Многое взяла она в наследство от своей матери: и светло-русые густые, рассыпающиеся по тонким плечам волосы, и светло-серые, слегка раскосые глаза, сверкающие из-под ресниц задорным бесовским огоньком, сводящие ребят с ума, и высокие остроконечные груди с выдающимися под тонкой материей сосками, и стройный стан, мягко переходящий от тонкой талии и округлых бедер в красивые тонкие ноги, которые скрыты были до поры до времени от жадных ребячьих глаз голубым шелком сарафана. Алые, слегка приоткрытые в полуулыбке пухленькие губы манили к себе парней, некоторым из которых в пылу вечерних любовных утех удавалось припасть к ним своими устами, ощутить горячее девичье дыхание и опьянеть от поцелуя. Многие заглядывались на Настю в ту пору. Многие теряли сон и покой из-за нее. Многие желали прижать ее трепетное тело к своей груди, и многим она приходила ночью в сладких снах. Но никому не хотела она отдавать своего сердца, ни на ком не остановила любящего взгляда, никому не торопилась доверить свою юную девичью душу.
Но не только женщина для любви зрела в этой душе. Многое подарил ей и отец-священник. Во многие тайны природы посвятил он ее. И суждено было случиться тому, что ученик превзошел своего учителя.

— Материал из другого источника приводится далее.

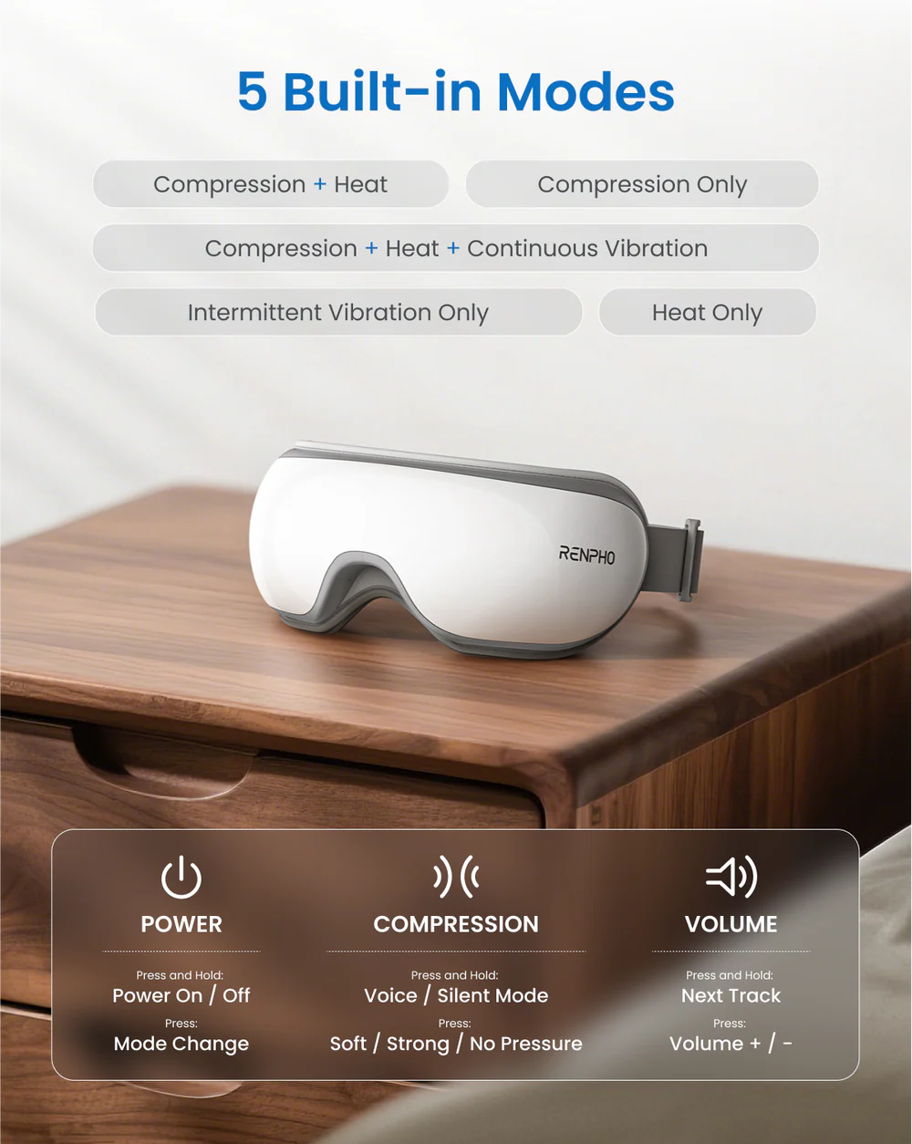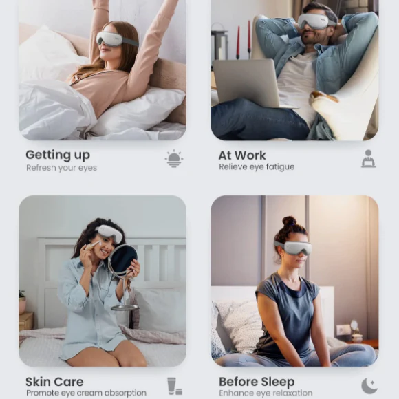 Eye massager Renpho built-inbuilt-in heating pads provide a comfortable temperature 104℉-107℉, better for relieving eye strain, reduce dry eyes, puffiness, etc. After skin care also help eye cream absorb. Note 1: The eye mask massager NOT suitable for who have undergone eye operation, retina condition, cataract, glaucoma, etc.

Способности и дар священника, трансформируясь в Насте, приобрели необыкновенную таинственную силу, выводящую их на более высокий уровень совершенства, неподвластный даже здравому смыслу. Это поначалу пугало священника, но, убедив себя в том, что на все воля Божья, он успокоился.
Маленькая Настя, веревочкой следовавшая всюду за своим отцом, часто наблюдала за его работой. Она видела, как тяжелые страдания прекращались – стоило лишь отцу замереть над больным с поднятой рукой, а затем трижды перекрестить его. Лишь она могла видеть это легкое бело-желтое свечение, исходящее из ладоней отца. Острота глаза, улавливающего невидимый для всех спектр лучей, позволял Насте в потоке свечения заглянуть внутрь человеческого тела, различить контуры его, отчетливо увидеть скелет, что поначалу пугало ее, но вскоре она к этому привыкла и нашла новое развлечение – смотреть через тело больного на стену и далее на улицу. Но она была еще мала и не задумывалась всерьез об этом, и это ей быстро наскучило. Насте больше нравилось собирать целебные травки в лесу вместе со своим отцом, слушать интересные рассказы о том, как лунной ночью они набирают волшебные силы, чтобы затем победить злые болезни. Как губка воду впитывала она всё то, что старательно передавал ей отец, открывая ей все свои секреты и тайны. И лишь одну тайну старательно берег он от дочери, не желая ранить ее хрупкое сердце – то, что произошло тогда, восемнадцать лет назад, когда Настя появилась на свет.
Глава шестая
Пробуждение мое было мгновенным, когда я, словно от какого-то сильного толчка, открыл глаза и сел на кровати, опустив ноги на дощатый пол, с трудом соображая, где нахожусь.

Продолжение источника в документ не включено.